Important input to such a timeline might come from Symple, an app developed by ePatient scholar Natasha Gajewski for tracking symptoms. Natasha built this app because of the difficulty she had tracking the symptoms of her rare autoimmune disease between doctor's office visits. Symple is now used by tens of thousands of patients around the world.
Sean Ahrens (pictured below) is among the ePatient scholars who have made valuable contributions to what is increasingly referred to as peer-to-peer healthcare. Because of his and others' similar health needs, Sean designed and developed Crohnology.com, a social health network for patients with Crohn's, colitis, and other inflammatory bowel conditions. Crohnology.com lets patients share and learn what treatments work for others, track their health, and meet others near them. As stated in a recent MIT Technology Review article, "The site is at the vanguard of the growing 'e-patient' movement that is letting patients take control over their health decisions—and behavior—in ways that could fundamentally change the economics of health care."
Sean Ahrens
Many ePatient scholars help patients connect in other ways. Tweetchats are particularly popular. Three-time cancer survivor Alicia Staley's weekly tweetchat for the breast cancer community (#BCSM) is perhaps the best known of these. Alicia started this tweetchat to combat the extreme isolation she experienced. (To get a better sense of the importance of such connecting, see Katie McCurdy's blog post, "On Speaking Up.")
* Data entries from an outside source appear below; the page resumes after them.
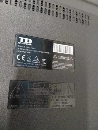 Televisor td system Smart TV 55 pulgadas en perfecto estado, resolución ULTRA HD 4K, tecnología Direct LED y HDR. Sistema WebOS con WIFI y distintas aplicaciones como YouTube, Netflix, PrimeVideo... Altavoces 20W Dolby Audio. Conectores en buen estado. Puedo añadir un soporte de pared nuevo. Entrego en Madrid.
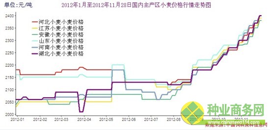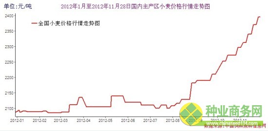 由上面的走势图可以看出,自9月份以来,全国小麦价格震荡上涨,11月之后增长之势更加迅猛。
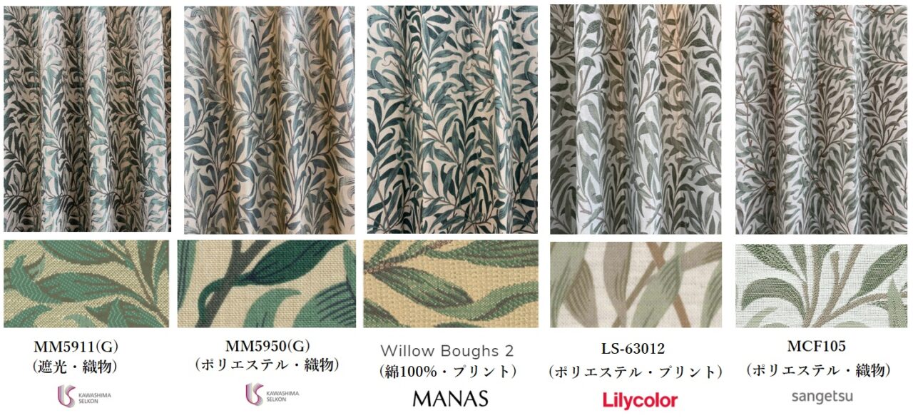 ウイリアム・モリス『ウィローボゥ』のカーテン。メーカー比較と納品事例。

ePatient scholars share their insights in multiple ways. The contributions of the most well-known ePatient, Dave deBronkart—a.k.a. e-Patient Dave—have included a TEDx talk and an ebook entitled Let Patients Help.
Many share their insights via blogs. Katie McCurdy's blog, referenced above, is filled with gems. See her recent analysis of the use of the term "patient engagement" for another great post. Carolyn Thomas's great blog includes a related post. Sarah Kucharski, founder of FMD (FirbroMuscular Dysplasia) Chat , is another excellent blog writer; her recent post on patient engagement provides important advice to designers of health apps.
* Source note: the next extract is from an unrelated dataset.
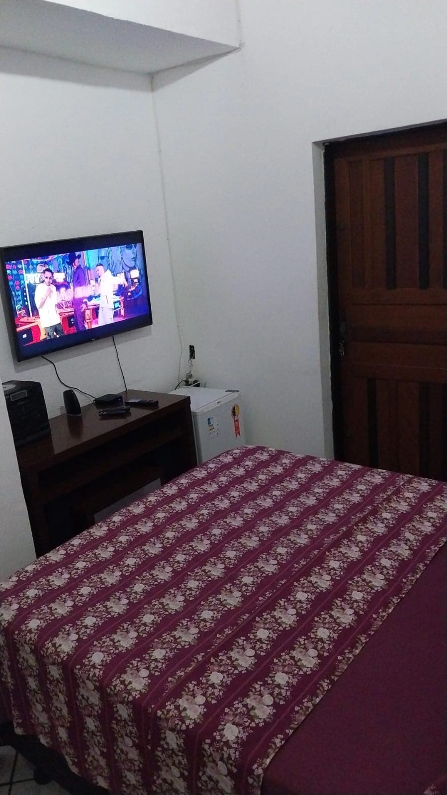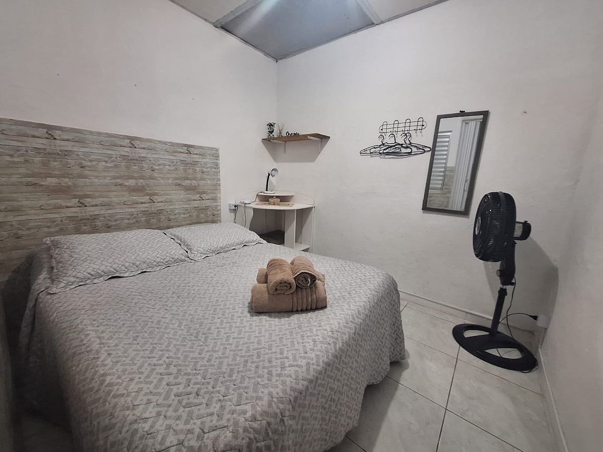 * Horário de checkin flexível porém a partir da entrada a diária são 24 horas. *Kitnet ideal para quem quer ter um espaço para banho, refeição e descanso noturno. *Colchão e travesseiros protegidos por capas, que são higienizados após cada checkout. *SEM VAGA DE GARAGEM PARA CARRO no interior do imóvel, pode estacionar na frente da casa. *VAGA PARA MOTO Cama com colchão de casal conta com sofá cama 2 lugares na sala para acomodar terceiro hóspede extra

Advice to designers is among the contributions I have made. As you might know from my interactions magazine blog posts alone, my writing and speaking on healthcare system and patient experience redesign have been focused, in part, on identifying what designers need to do in order to have maximum impact on that redesign. See, for example, "Are You Trying to Solve the Right Problem?," "What Designers Need to Know/Do to Help Transform Healthcare," "The Importance of the Social to Achieving the Personal," and the blog post you are now reading.
In short, there is much to learn from ePatient scholars, and you can learn more from and about most of those highlighted above as well as the other ePatient scholars attending Medicine X this year by accessing the 2013 ePatient ebook put together by the conference organizers. Use this ebook (and this blog post) as starting points to include the oft-missing voice in the redesign of healthcare and the patient experience: that of the patient. Better yet: Come meet us all at the conference September 27-29; we'll be happy to talk to you.